The listing below must be returned in full and unchanged, without the images it carries.

DATASET CONTENT.
-------------------------

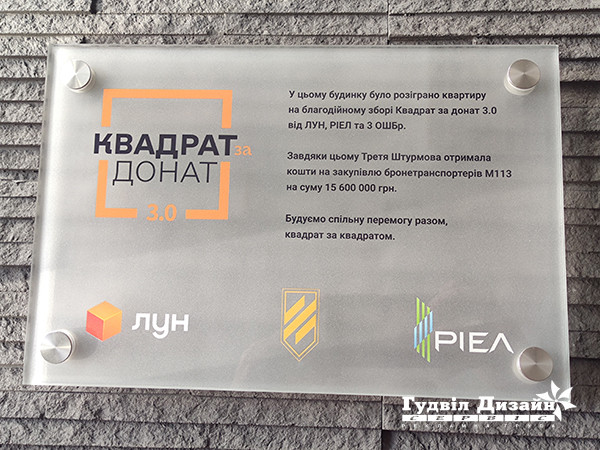 Якщо Ви бажаєте зробити свій офіс привабливим, оригінальним і неповторним, наша компанія знає, чим Вам допомогти. Скористайтеся офісної табличкою зі скла! Табличка на скляній основі вигідно підкреслить стиль і прекрасно прикрасить найважливіші кабінети в офісі. Зробити замовлення подібної вивіски можна на нашому сайті рекламної групи «Гудвіл Дизайн Сервіс». Ми даємо гарантію на оперативне виготовлення, висока якість і вигідні ціни.
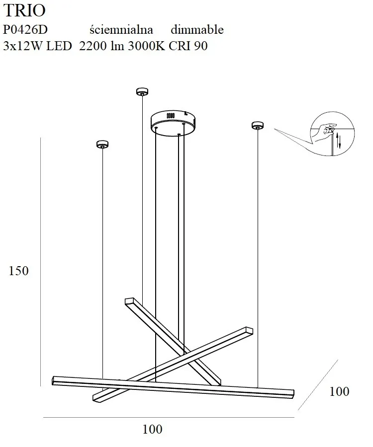 Moc/Power: 3 x 12W LED 230V, 2200 LM, CRI90 3000K_x000D_ W: 100 cm, D: 100 cm, H: max 150 cm _x000D_ Wykończenie/Detail finishing: złote/gold_x000D__x000D_ Materiał/Material: stal nierdzewna, akryl/stainless steel, acrylic_x000D_ Zasilacz + LED ściemnialny w komplecie/ Triac dimmable LED + driver included_x000D_ nie zawiera ściemniacza ściennego/ wall dimmer not included
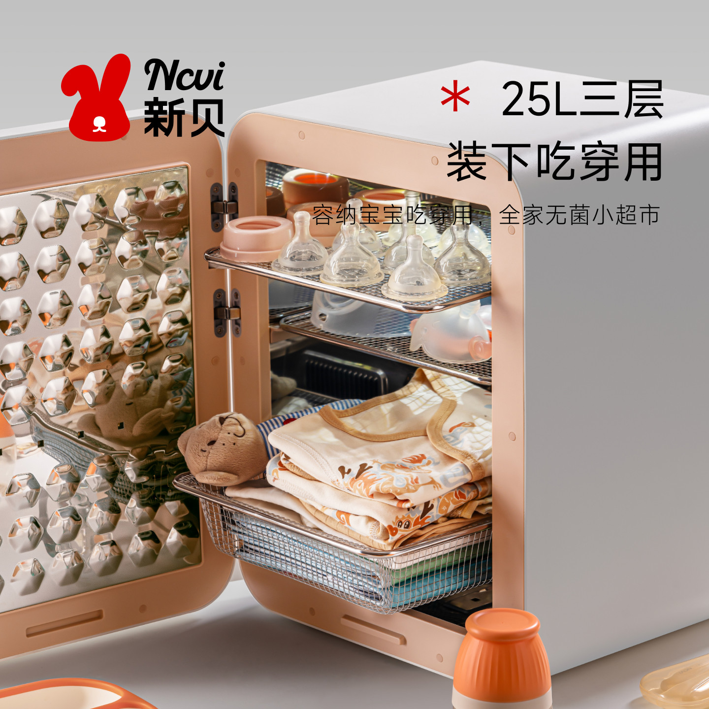 【18颗灯珠24L国补券后397.5元,叠淘金币84.42元,叠消费券到手293.88元 32颗灯珠25L国补券后537.5元,叠淘金币105.34元,叠消费券到手403.93元。300+产品专利,30+消毒专利技术宝妈用得更放心~】新贝8032消毒柜紫外线+烘干二合一,家用小巧不占地方,奶瓶、辅食工具都能消,宝妈带娃超轻松!【赠运费险】

-------------------------

SOLVED PROBLEM.
 Якщо Ви бажаєте зробити свій офіс привабливим, оригінальним і неповторним, наша компанія знає, чим Вам допомогти. Скористайтеся офісної табличкою зі скла! Табличка на скляній основі вигідно підкреслить стиль і прекрасно прикрасить найважливіші кабінети в офісі. Зробити замовлення подібної вивіски можна на нашому сайті рекламної групи «Гудвіл Дизайн Сервіс». Ми даємо гарантію на оперативне виготовлення, висока якість і вигідні ціни.
 Moc/Power: 3 x 12W LED 230V, 2200 LM, CRI90 3000K_x000D_ W: 100 cm, D: 100 cm, H: max 150 cm _x000D_ Wykończenie/Detail finishing: złote/gold_x000D__x000D_ Materiał/Material: stal nierdzewna, akryl/stainless steel, acrylic_x000D_ Zasilacz + LED ściemnialny w komplecie/ Triac dimmable LED + driver included_x000D_ nie zawiera ściemniacza ściennego/ wall dimmer not included
 【18颗灯珠24L国补券后397.5元,叠淘金币84.42元,叠消费券到手293.88元 32颗灯珠25L国补券后537.5元,叠淘金币105.34元,叠消费券到手403.93元。300+产品专利,30+消毒专利技术宝妈用得更放心~】新贝8032消毒柜紫外线+烘干二合一,家用小巧不占地方,奶瓶、辅食工具都能消,宝妈带娃超轻松!【赠运费险】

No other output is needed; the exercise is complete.